Leventhal explains: "The process of assessing health is a two-step affair. It begins with events that create emotional upset, such as illness for men and both illness and social problems for women. The emotional distress affects men's and women's self-assessments equally. But because a woman's upset reflects illness as well as social problems, both her health assessment and her prediction of mortality are less precise."
Leventhal is also co-investigator with Marvin Schwalb, PhD, professor of microbiology and molecular genetics at New Jersey Medical School, in a study on the issues surrounding genetic screening for mutations to the BRCA1 and BRCA2 genes, which have been definitively linked to familial breast and ovarian cancers. He says they are looking at two major questions: Do people understand genetic risk? (Most do not, he says.) And how do people respond behaviorally and emotionally once they are tested for the gene mutation and get negative or positive test results?

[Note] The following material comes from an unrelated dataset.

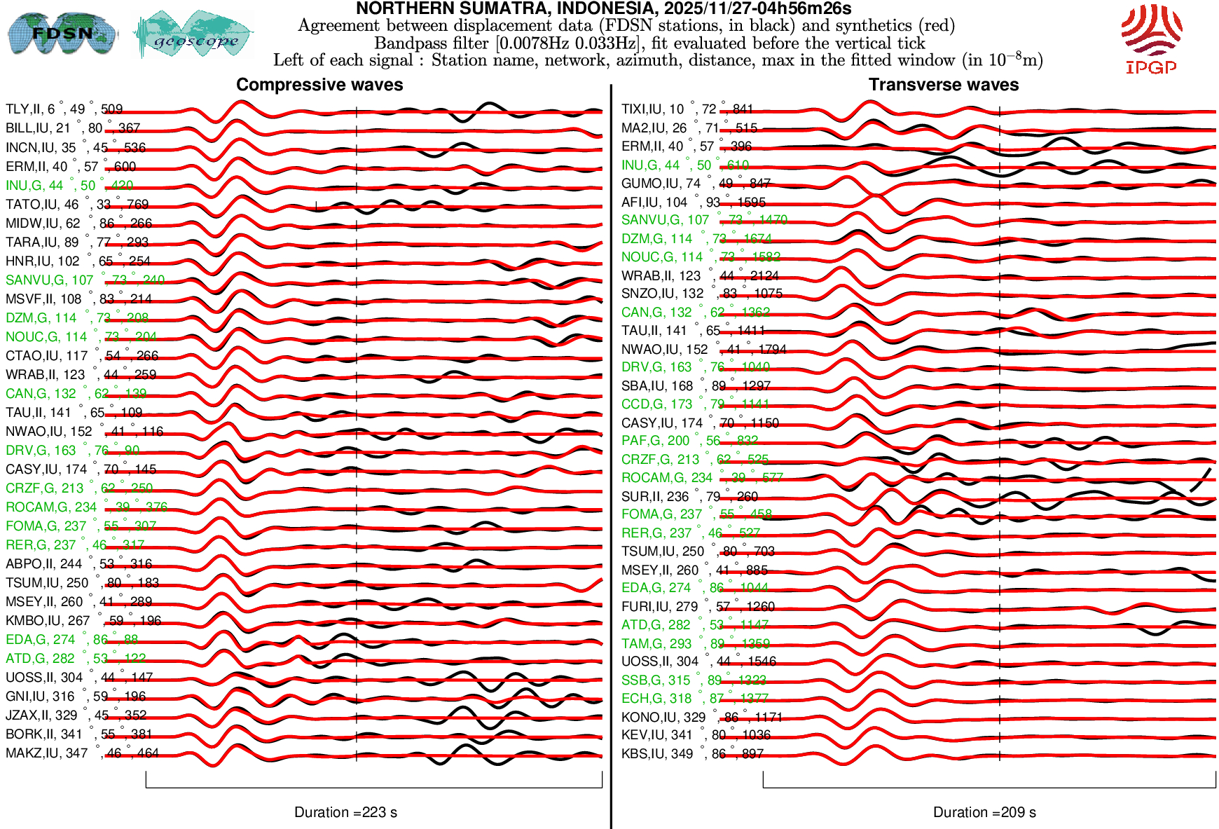 The SCARDEC solution is used here to predict the waveforms at all Geoscope stations received in real time and located at distances between 30° and 150° from the earthquake. All available location codes are used, for the BH* channels. In the range [30° - ~90°], the prediction is done on P and S(H) waves and in the range [~90° - 150°], it is done on PP and SS(H) waves. See agreement for P or PP waves (vertical components) between data and synthetics in Figure 1; see agreement for S(H) or SS(H) waves (horizontal components) between data (black) and synthetics (red) in Figure 2. Tables 1 and 2 provide quantitative estimates of these agreements.

A third subset of the group includes women who come in for an initial interview but decide not to get tested. "This third group will also be followed long term to see what they will do about prevention," he says.
The study sample is not yet large enough to get a representative picture, Leventhal observes, "but my hunch is that women who decide not to test have more fears and anxieties than those who do."
He adds that few people volunteer to be part of a clinical study, but most people want information that can be determined only by such investigations. Perhaps the boomers will be the first generation to actively participate in this aspect of medicine's quest for knowledge.